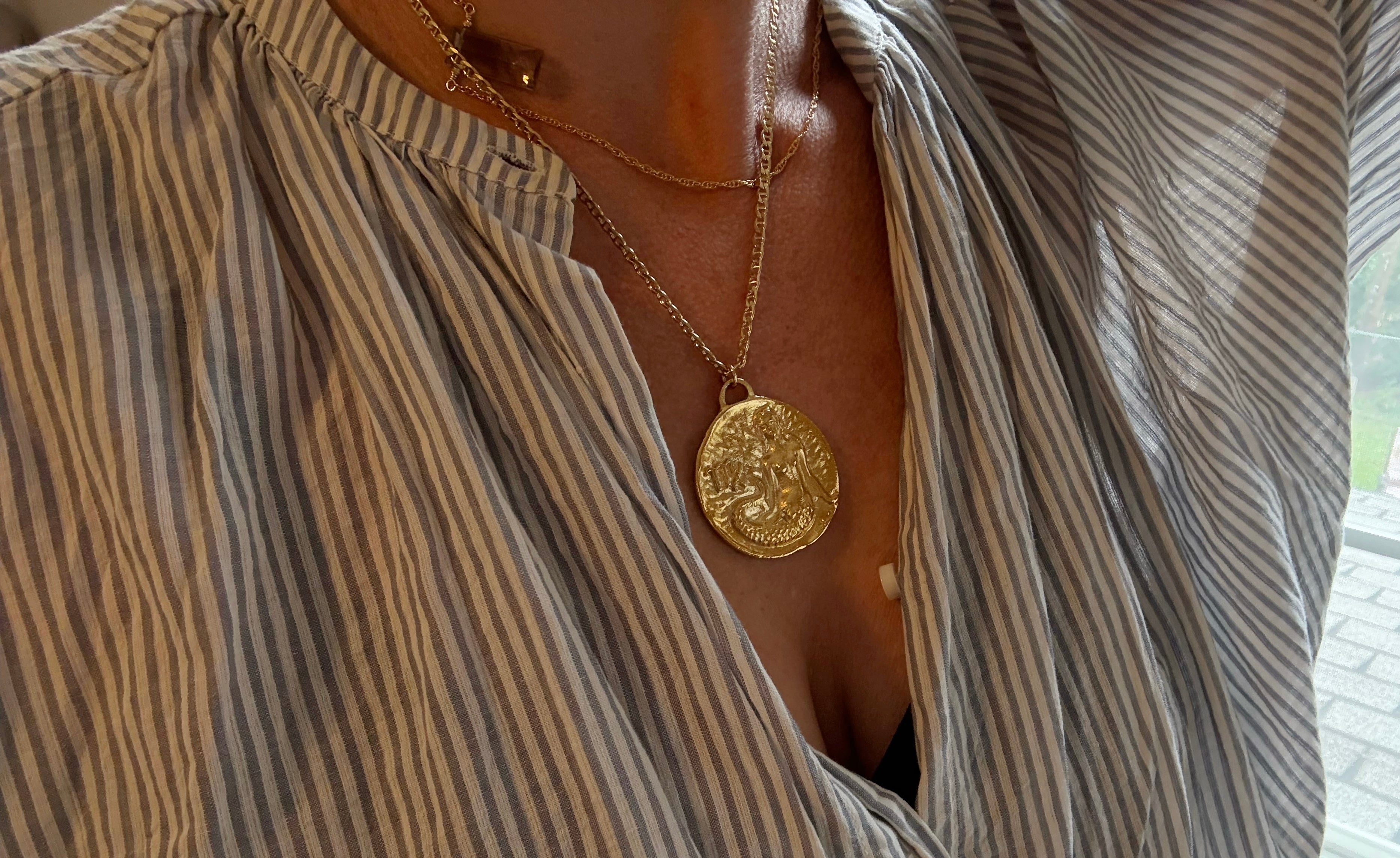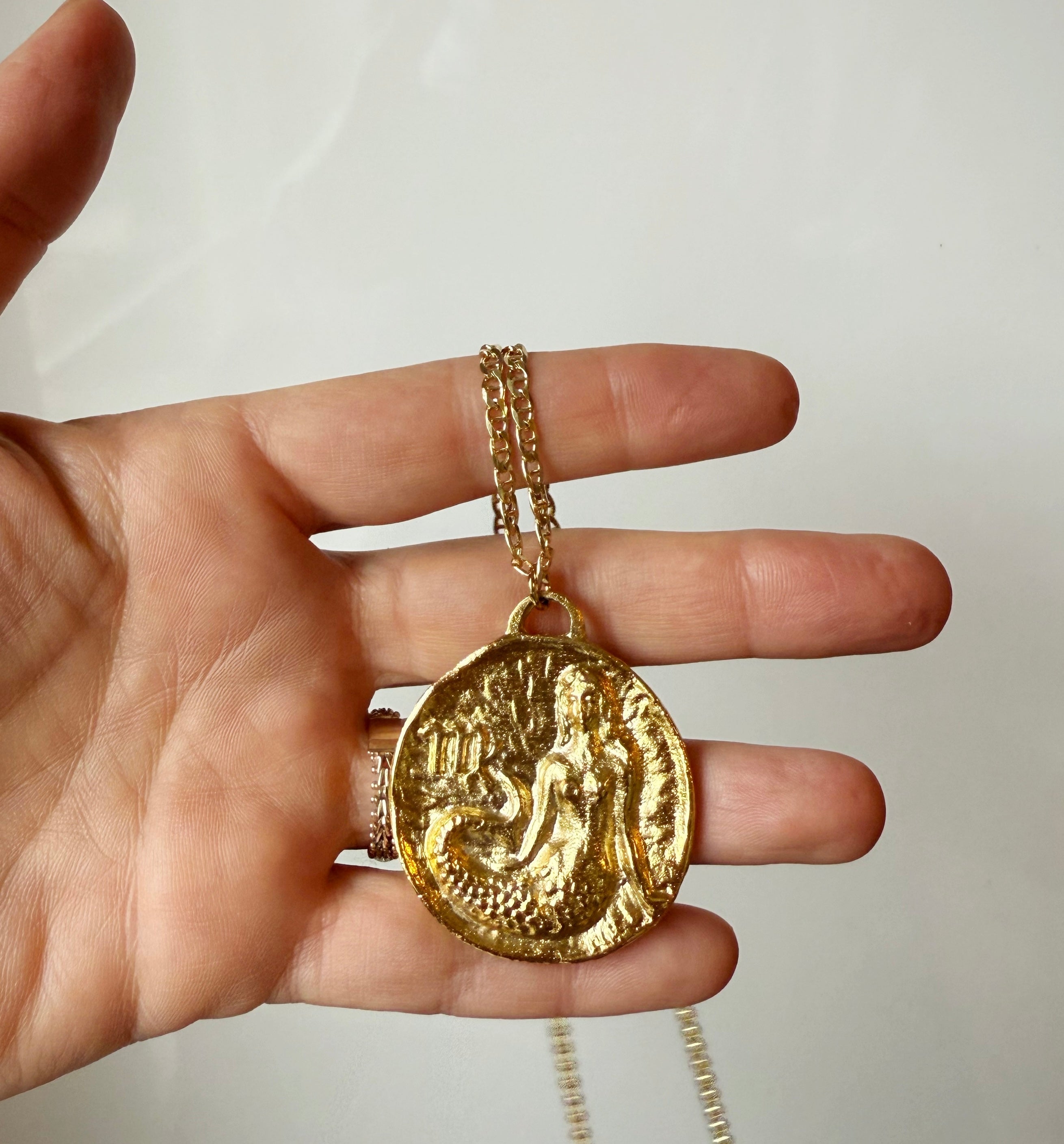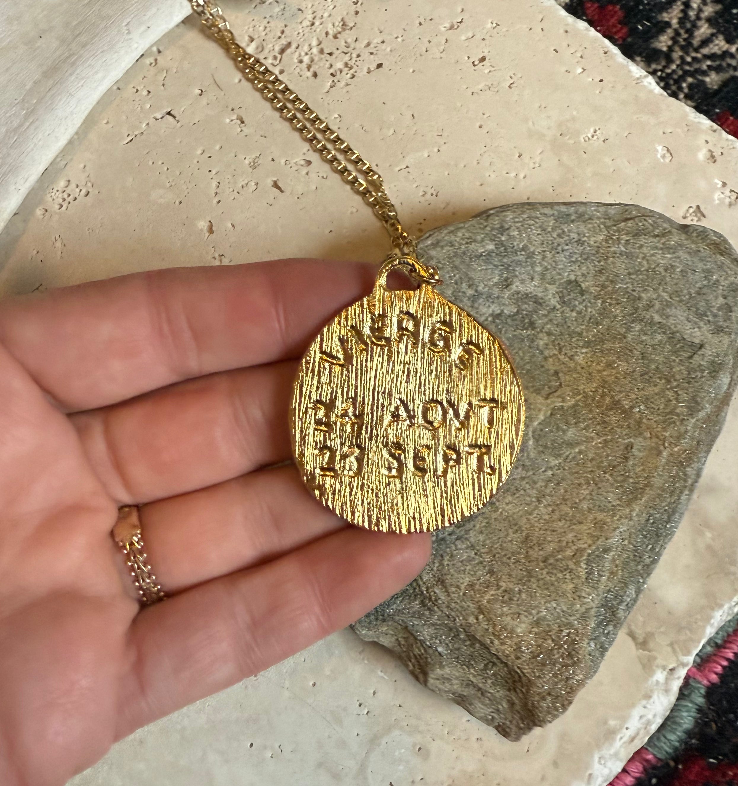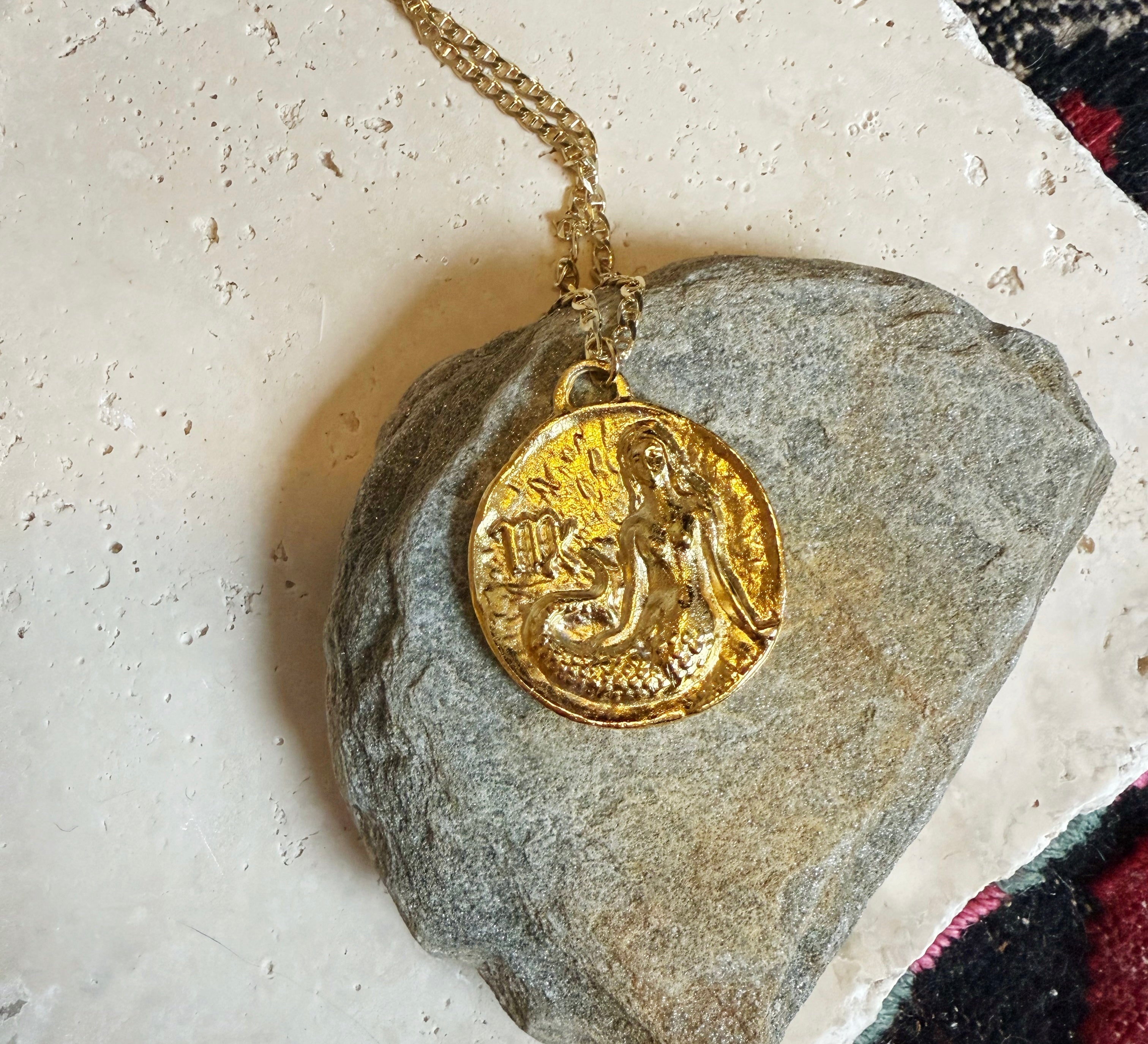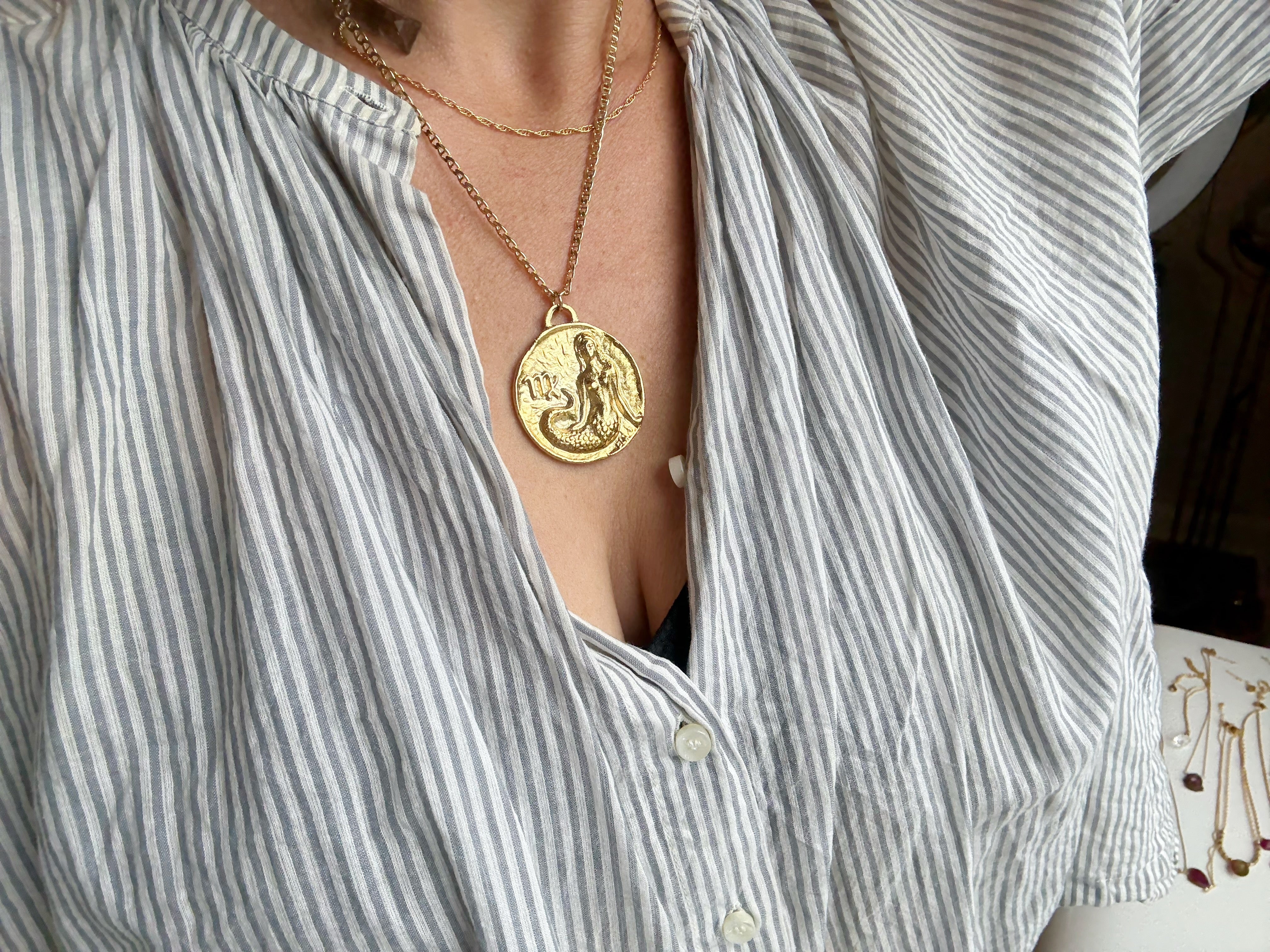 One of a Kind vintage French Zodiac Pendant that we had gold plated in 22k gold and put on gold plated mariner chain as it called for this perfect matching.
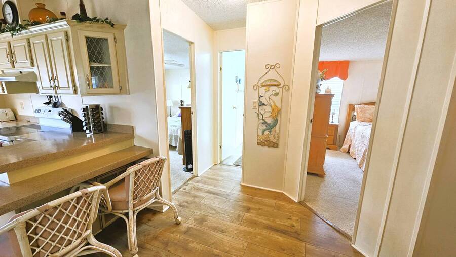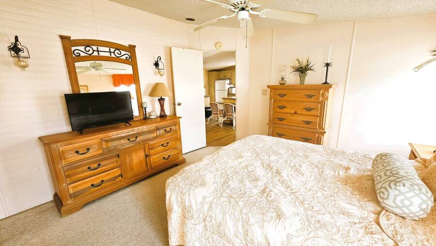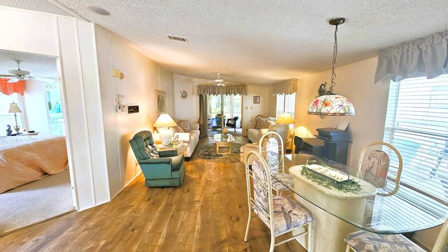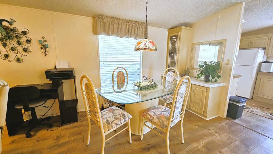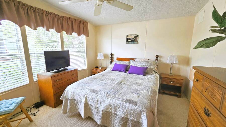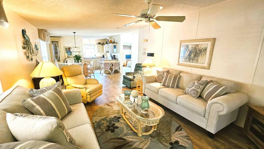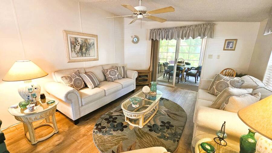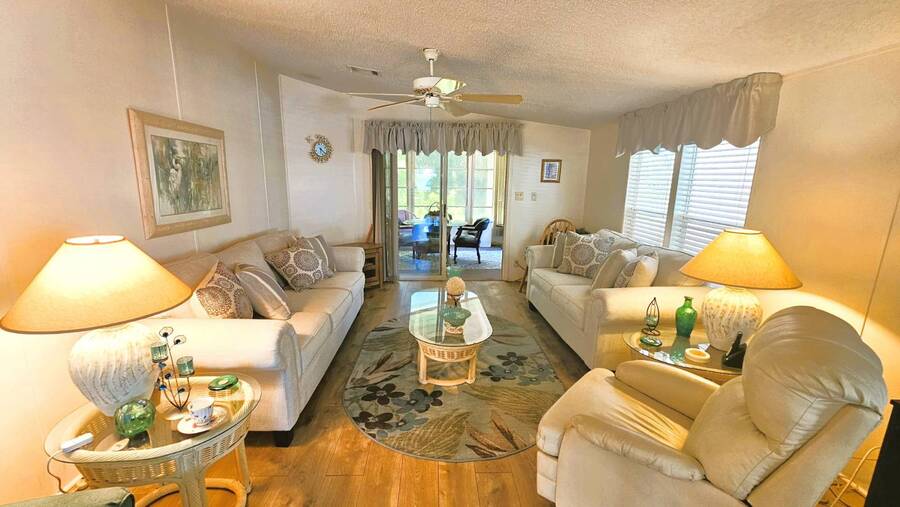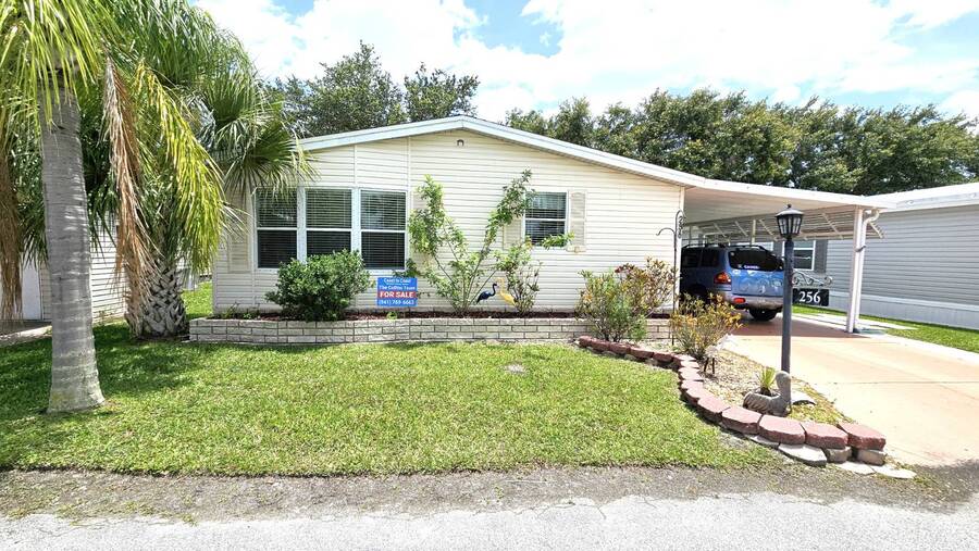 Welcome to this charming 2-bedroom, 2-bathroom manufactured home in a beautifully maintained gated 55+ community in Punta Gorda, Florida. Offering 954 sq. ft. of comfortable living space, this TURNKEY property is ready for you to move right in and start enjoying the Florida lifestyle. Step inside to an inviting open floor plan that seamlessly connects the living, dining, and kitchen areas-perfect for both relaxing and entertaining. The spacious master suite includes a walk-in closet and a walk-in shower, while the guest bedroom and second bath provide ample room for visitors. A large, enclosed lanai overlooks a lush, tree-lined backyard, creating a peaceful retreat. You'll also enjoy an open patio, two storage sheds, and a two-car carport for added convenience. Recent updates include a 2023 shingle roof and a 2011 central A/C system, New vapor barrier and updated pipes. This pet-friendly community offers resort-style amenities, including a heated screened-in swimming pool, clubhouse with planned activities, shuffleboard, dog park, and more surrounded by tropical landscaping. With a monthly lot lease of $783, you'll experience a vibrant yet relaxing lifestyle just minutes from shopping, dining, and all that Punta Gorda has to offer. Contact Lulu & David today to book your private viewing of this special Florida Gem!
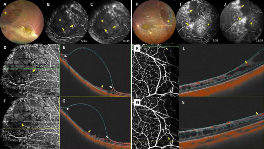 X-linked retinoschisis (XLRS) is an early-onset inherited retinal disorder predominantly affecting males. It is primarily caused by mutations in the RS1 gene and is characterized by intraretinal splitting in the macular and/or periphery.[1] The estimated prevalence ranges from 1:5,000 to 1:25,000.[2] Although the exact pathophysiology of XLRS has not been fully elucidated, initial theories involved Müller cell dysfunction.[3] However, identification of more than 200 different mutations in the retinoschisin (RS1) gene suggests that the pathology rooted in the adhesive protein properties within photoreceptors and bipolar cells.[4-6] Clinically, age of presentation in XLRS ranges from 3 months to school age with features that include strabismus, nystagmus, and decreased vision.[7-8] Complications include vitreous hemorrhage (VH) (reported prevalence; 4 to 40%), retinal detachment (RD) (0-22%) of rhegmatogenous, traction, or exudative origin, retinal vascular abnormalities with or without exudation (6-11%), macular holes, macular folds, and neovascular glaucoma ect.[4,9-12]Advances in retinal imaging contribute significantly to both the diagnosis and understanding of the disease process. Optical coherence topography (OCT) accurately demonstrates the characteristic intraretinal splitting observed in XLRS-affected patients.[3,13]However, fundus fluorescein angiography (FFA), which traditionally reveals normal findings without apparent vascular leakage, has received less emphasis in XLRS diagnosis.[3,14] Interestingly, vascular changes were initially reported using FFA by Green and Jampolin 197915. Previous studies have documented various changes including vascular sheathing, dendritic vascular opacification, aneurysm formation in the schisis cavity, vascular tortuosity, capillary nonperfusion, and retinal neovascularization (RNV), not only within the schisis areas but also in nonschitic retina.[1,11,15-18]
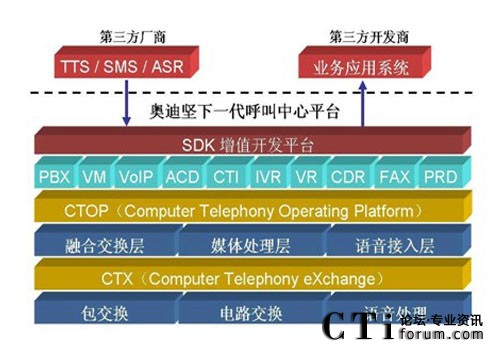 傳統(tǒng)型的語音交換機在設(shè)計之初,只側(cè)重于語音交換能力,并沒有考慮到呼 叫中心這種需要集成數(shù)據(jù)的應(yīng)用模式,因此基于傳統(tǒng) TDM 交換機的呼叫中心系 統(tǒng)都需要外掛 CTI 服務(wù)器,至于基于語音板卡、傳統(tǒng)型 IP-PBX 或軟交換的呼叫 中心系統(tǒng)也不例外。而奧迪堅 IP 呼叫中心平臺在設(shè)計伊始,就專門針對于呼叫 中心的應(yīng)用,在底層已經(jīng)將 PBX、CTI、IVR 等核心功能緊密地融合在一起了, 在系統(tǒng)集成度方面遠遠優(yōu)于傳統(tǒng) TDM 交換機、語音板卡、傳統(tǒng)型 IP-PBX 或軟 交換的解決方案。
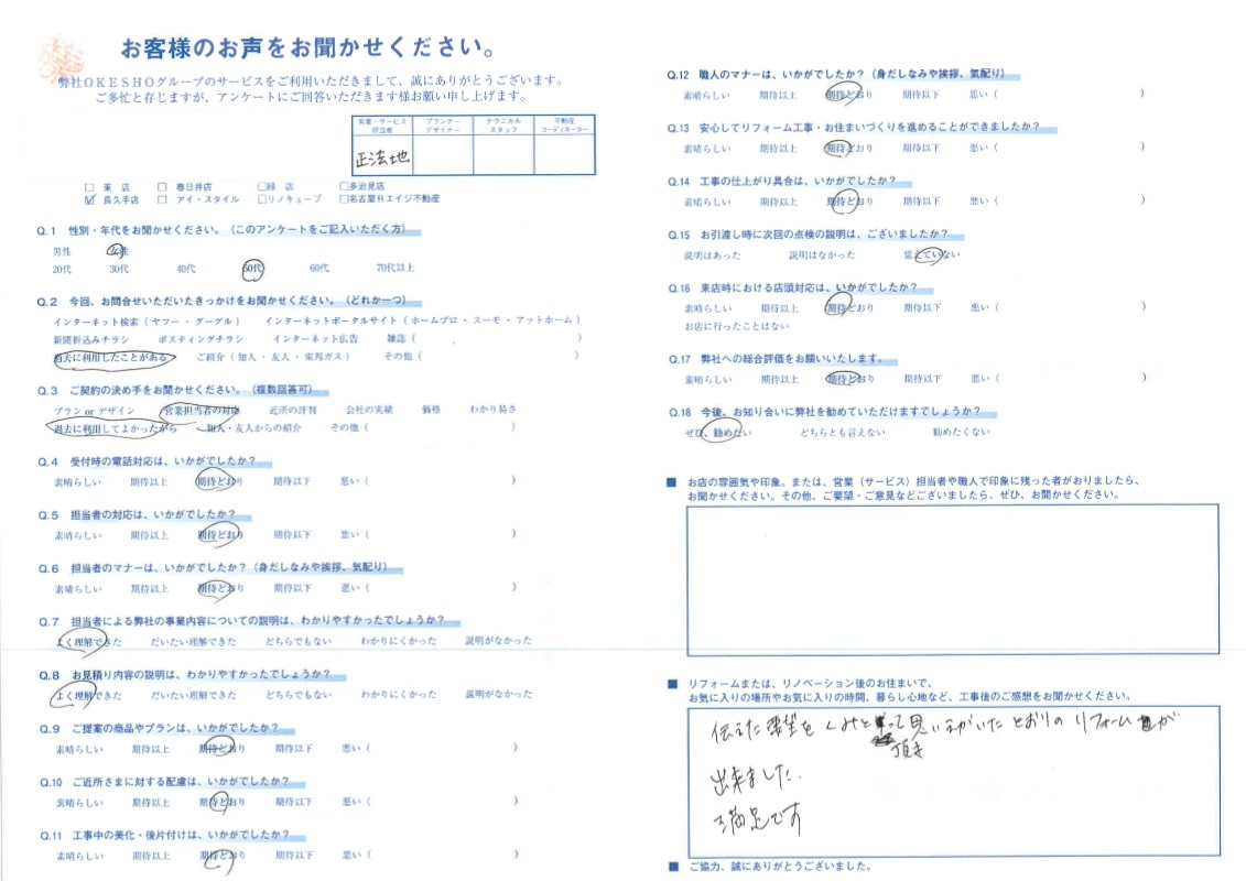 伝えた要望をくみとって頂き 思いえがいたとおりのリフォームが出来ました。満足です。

▶ _REQUIRED ACTION_:
Transcribe exactly the lines running from the line with "IP-PBX 或軟 交換的解決方案。" to the last line of the entries. Pictures stay out of the copy.

▶ _SOLUTION TO THIS TASK_:
 傳統(tǒng)型的語音交換機在設(shè)計之初,只側(cè)重于語音交換能力,并沒有考慮到呼 叫中心這種需要集成數(shù)據(jù)的應(yīng)用模式,因此基于傳統(tǒng) TDM 交換機的呼叫中心系 統(tǒng)都需要外掛 CTI 服務(wù)器,至于基于語音板卡、傳統(tǒng)型 IP-PBX 或軟交換的呼叫 中心系統(tǒng)也不例外。而奧迪堅 IP 呼叫中心平臺在設(shè)計伊始,就專門針對于呼叫 中心的應(yīng)用,在底層已經(jīng)將 PBX、CTI、IVR 等核心功能緊密地融合在一起了, 在系統(tǒng)集成度方面遠遠優(yōu)于傳統(tǒng) TDM 交換機、語音板卡、傳統(tǒng)型 IP-PBX 或軟 交換的解決方案。
 伝えた要望をくみとって頂き 思いえがいたとおりのリフォームが出来ました。満足です。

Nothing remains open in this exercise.